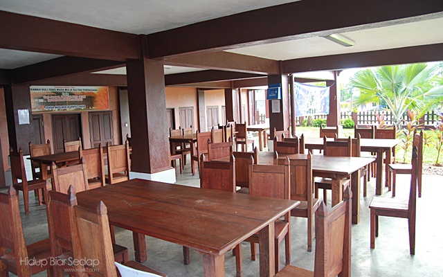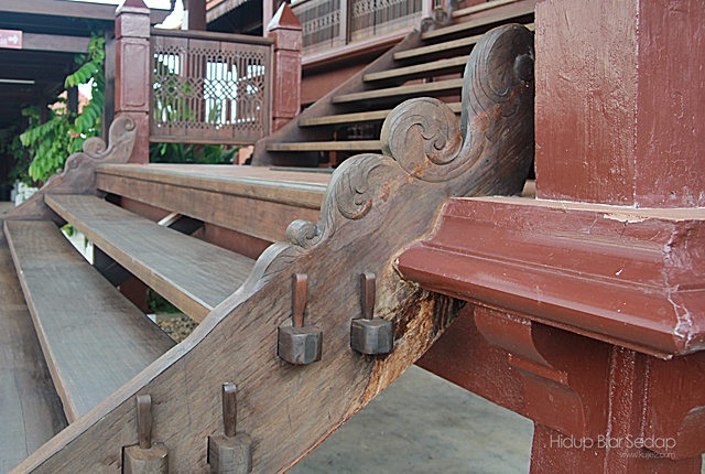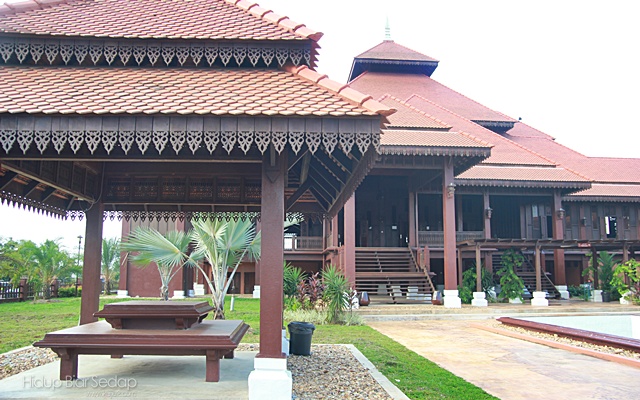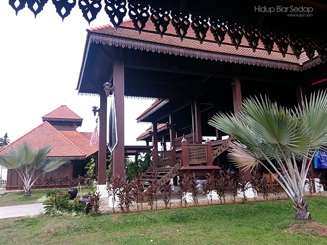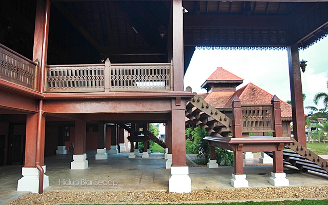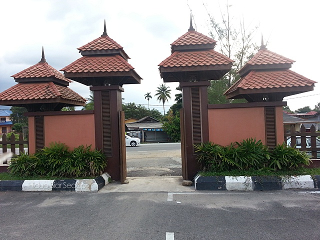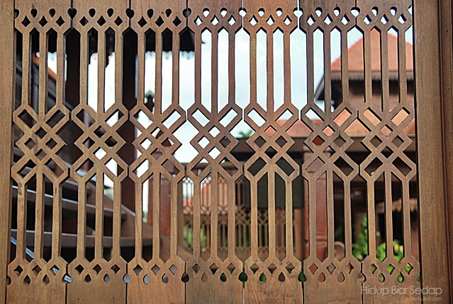 Pagar kayu di ruang serambi juga berkonsepkan corak tenunan songket Terengganu.
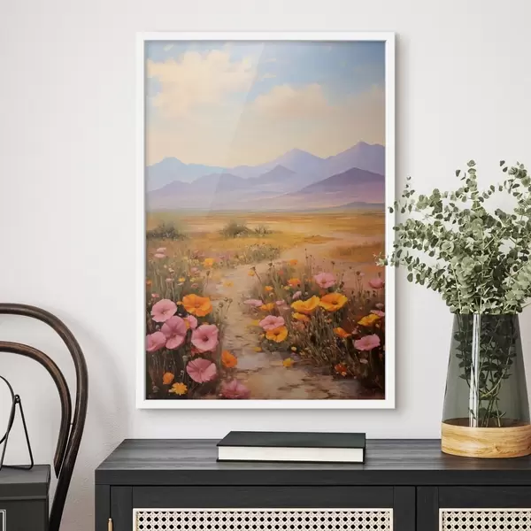 Plakatas Pejzažas, spalvingų gėlių laukas su kalnais fone, švelnios ir pastelinės spalvos Ne f46686
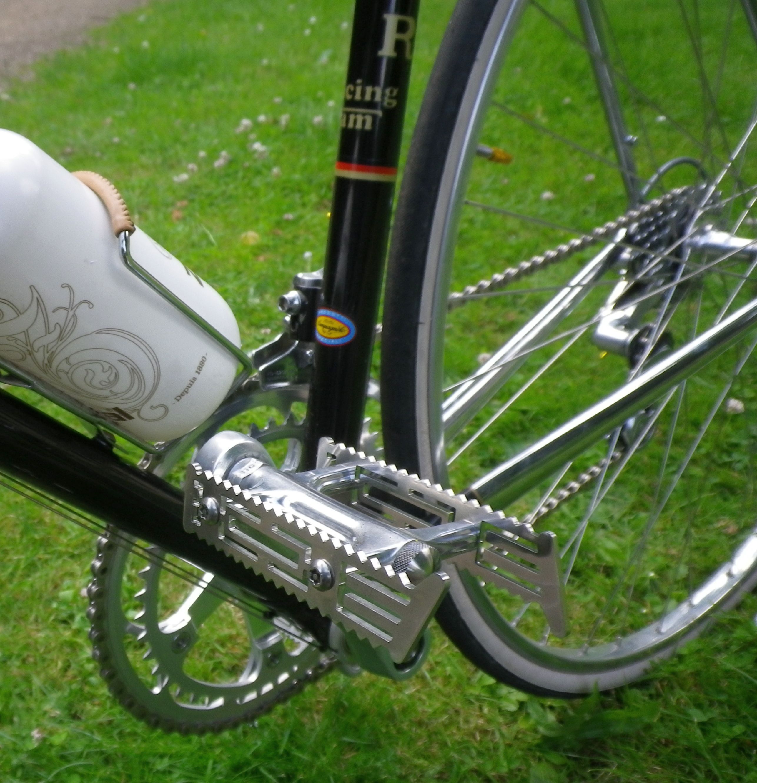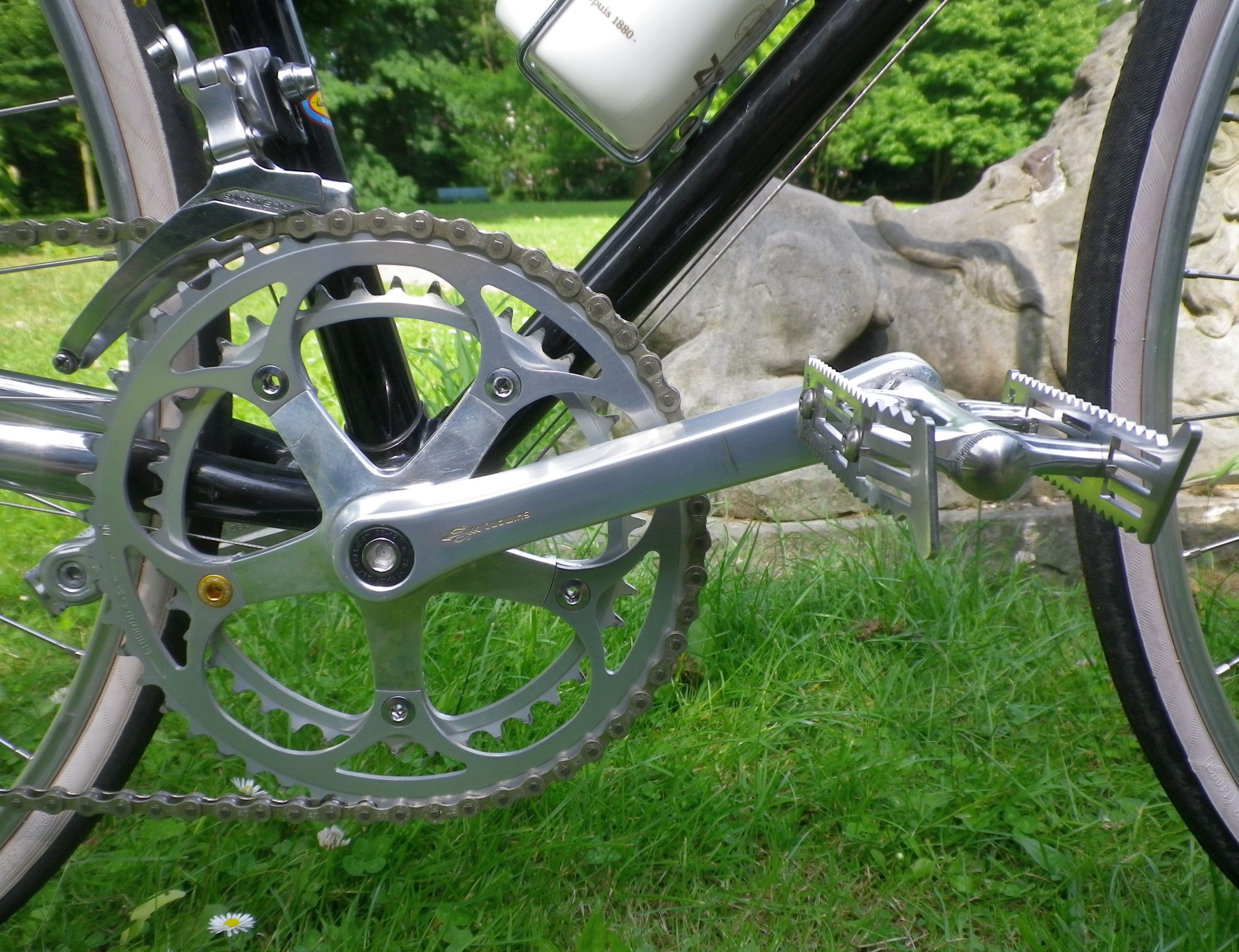 Ebenso wenig kamen klassische Haken- und Riemenpedale in Frage. Ich habe solche auch lange bei meinen Rädern benutzt, kam dann zu halben Haken ohne Riemen und dann einfachen Rennpedalen. Aber am besten für den Alltag sind immer noch Pedale die zweiseitig zu fahren sind – einfach drauf und losfahren.
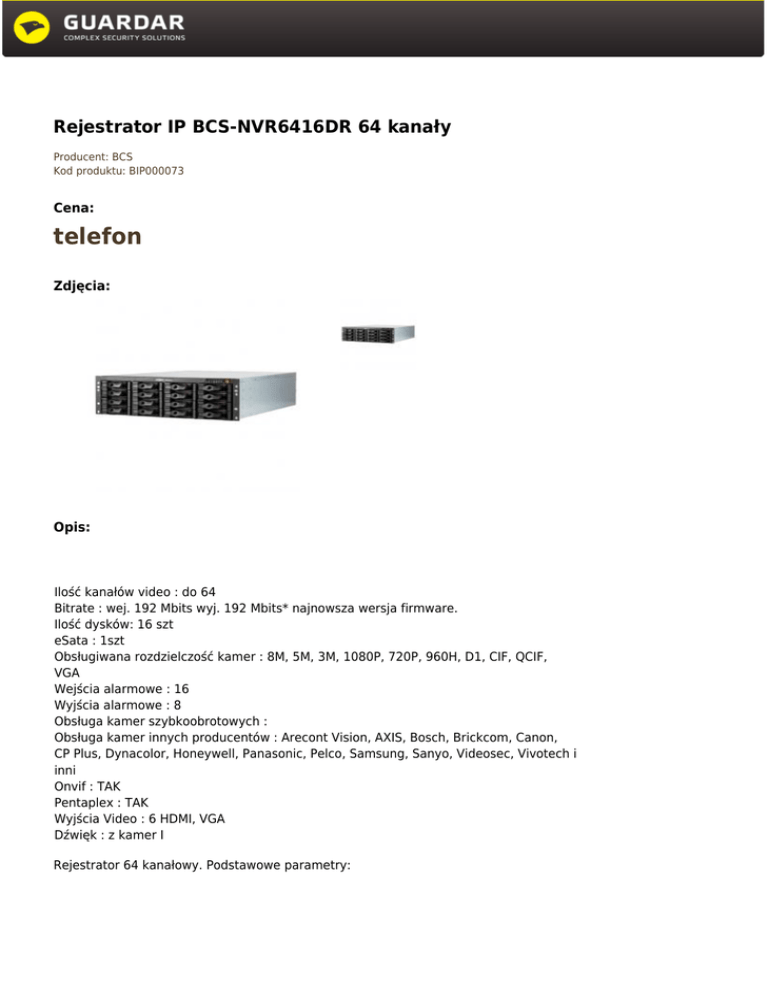 Rejestrator IP BCS-NVR6416DR 64 kanały Producent: BCS Kod produktu: BIP000073 Cena: telefon Zdjęcia: Opis: Ilość kanałów video : do 64 Bitrate : wej. 192 Mbits wyj. 192 Mbits* najnowsza wersja firmware. Ilość dysków: 16 szt eSata : 1szt Obsługiwana rozdzielczość kamer : 8M, 5M, 3M, 1080P, 720P, 960H, D1, CIF, QCIF, VGA Wejścia alarmowe : 16 Wyjścia alarmowe : 8 Obsługa kamer szybkoobrotowych : Obsługa kamer innych producentów : Arecont Vision, AXIS, Bosch, Brickcom, Canon, CP Plus, Dynacolor, Honeywell, Panasonic, Pelco, Samsung, Sanyo, Videosec, Vivotech i inni Onvif : TAK Pentaplex : TAK Wyjścia Video : 6 HDMI, VGA Dźwięk : z kamer I Rejestrator 64 kanałowy. Podstawowe parametry: ● ● ● ● ● ● ● ● ● ● ● ● Ilość kanałów video : do 64 Bitrate : wej. 192 Mbits wyj. 192 Mbits* najnowsza wersja firmware Ilość dysków: 16 szt eSata : 1szt Obsługiwana rozdzielczość kamer : 8M, 5M, 3M, 1080P, 720P, 960H, D1, CIF, QCIF,VGA Wejścia alarmowe : 16 Wyjścia alarmowe : 8 Obsługa kamer szybkoobrotowych Obsługa kamer innych producentów : Arecont Vision, AXIS, Bosch, Brickcom, Canon,CP Plus, Dynacolor, Honeywell, Panasonic, Pelco, Samsung, Sanyo, Videosec, Vivotech iinniOnvif : TAK Pentaplex : TAK Wyjścia Video : 6 HDMI, VGA Dźwięk : z kamer IP

__Task directions__. Repeat, with no pictures, each line from the beginning of the data through the line containing "Ebenso wenig kamen", inclusive.

__Task response__.
 Pagar kayu di ruang serambi juga berkonsepkan corak tenunan songket Terengganu.
 Plakatas Pejzažas, spalvingų gėlių laukas su kalnais fone, švelnios ir pastelinės spalvos Ne f46686
 Ebenso wenig kamen klassische Haken- und Riemenpedale in Frage. Ich habe solche auch lange bei meinen Rädern benutzt, kam dann zu halben Haken ohne Riemen und dann einfachen Rennpedalen. Aber am besten für den Alltag sind immer noch Pedale die zweiseitig zu fahren sind – einfach drauf und losfahren.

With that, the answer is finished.